Does the genre have an influence? Some kinds of writing are more interested in a character's inner life and motivations than others. Much of the old SF I read as a teenager was built around ideas rather than character. Writing convincing characters of the sex opposite to their own wasn't something the authors were trying to do.

Then you get a writer like Terry Pratchett, whose female characters are, arguably, even more lively and convincing than his male ones. (Or, at least, as lively.) Pratchett, writing 'humorous fantasy' could probably have got away with cardboard cut-out characters so long as he kept the jokes coming - but his sympathies and interests went beyond that.

So, I put it to you, that a writer creates convincing characters of the opposite sex when: The genre they write for requires it: Their own interests and sympathies lead them to it.

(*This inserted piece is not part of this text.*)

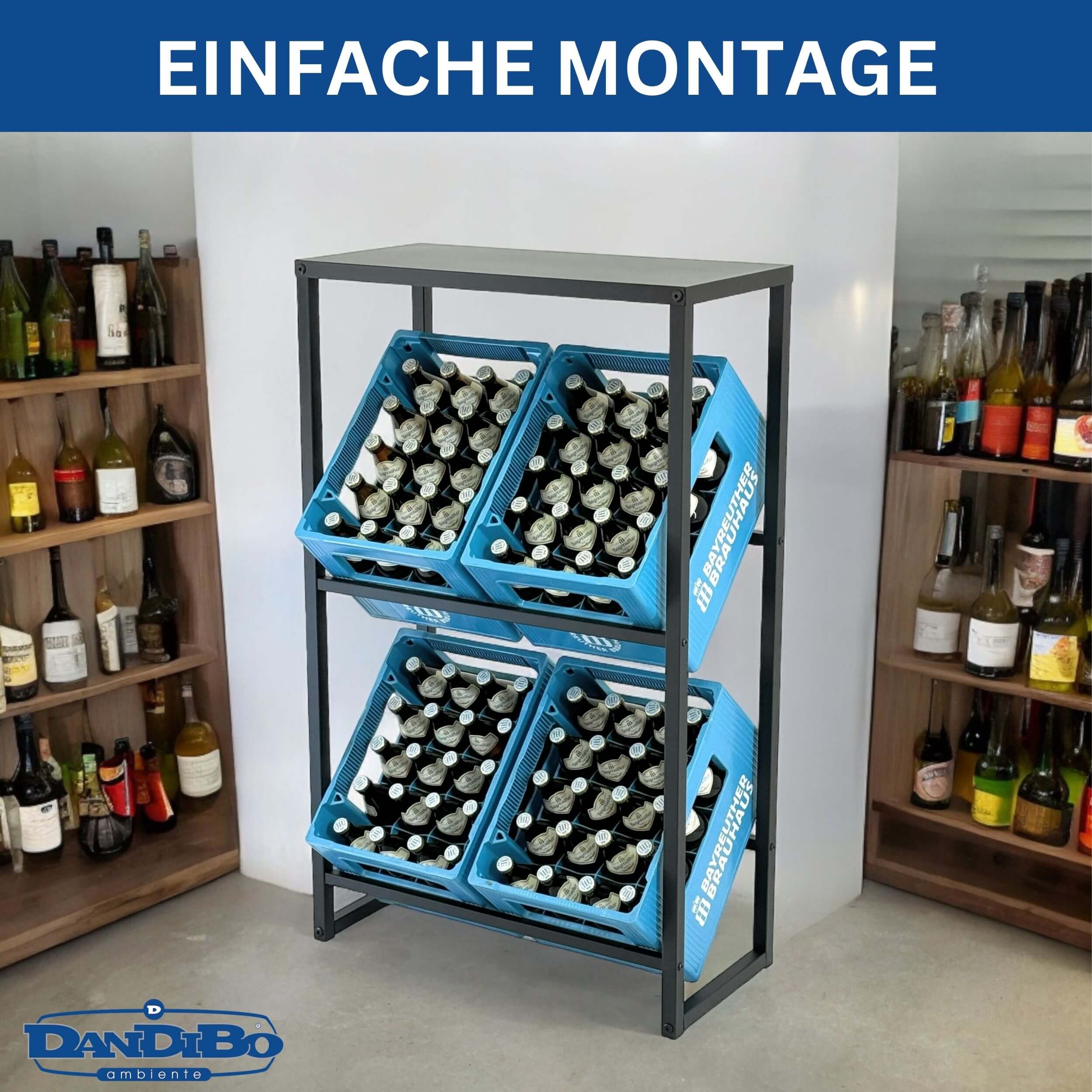 PLATZ FÜR 4 KISTEN UND GROSSZÜGIGE ABLAGEFLÄCHE - Mit ausreichend Platz für 4 Getränkekisten bietet der Getränkekistenhalter genügend Stauraum, um Ihre Getränkevorräte ordentlich zu organisieren. Darüber hinaus verfügt er über eine großzügige Ablagefläche, auf der Sie Gläser, Flaschenöffner oder Snacks griffbereit ablegen können.

Ali - the writer of The Ginger Tree (which I must look up) must have been one half of a mother-son bond, which would have given him clues to build on.
Interesting post. I think it's that some writers can do it and some can't or don't even want to, but mostly, I suspect, it just happens. I've written one novel wholly from a male POV (the Physic Garden) although it's still marketed as largely a 'women's book'. I'm not sure that it is, and the men I know who have read it seem to have enjoyed it and thought that my male narrator was believable and convincing. One female book group member, however, asked me how I could possibly have written a whole novel in the persona of such an unlikable character! Fortunately, everyone else disagreed with her, and I was genuinely hugely fond of my protagonist, but people bring themselves to their reading as much as any other activity! One thing I constantly find myself resenting is the victimisation of even convincing female characters. They have to die, tragically - Tess, Anna Karenina, Madame Bovary. It as though the male author can't possibly envisage a heroine surviving and living contentedly ever after. It's this aspect above all others that makes me love Cold Comfort Farm (although there's so much else to love about that novel) - the brisk and cheerful survival of the heroines.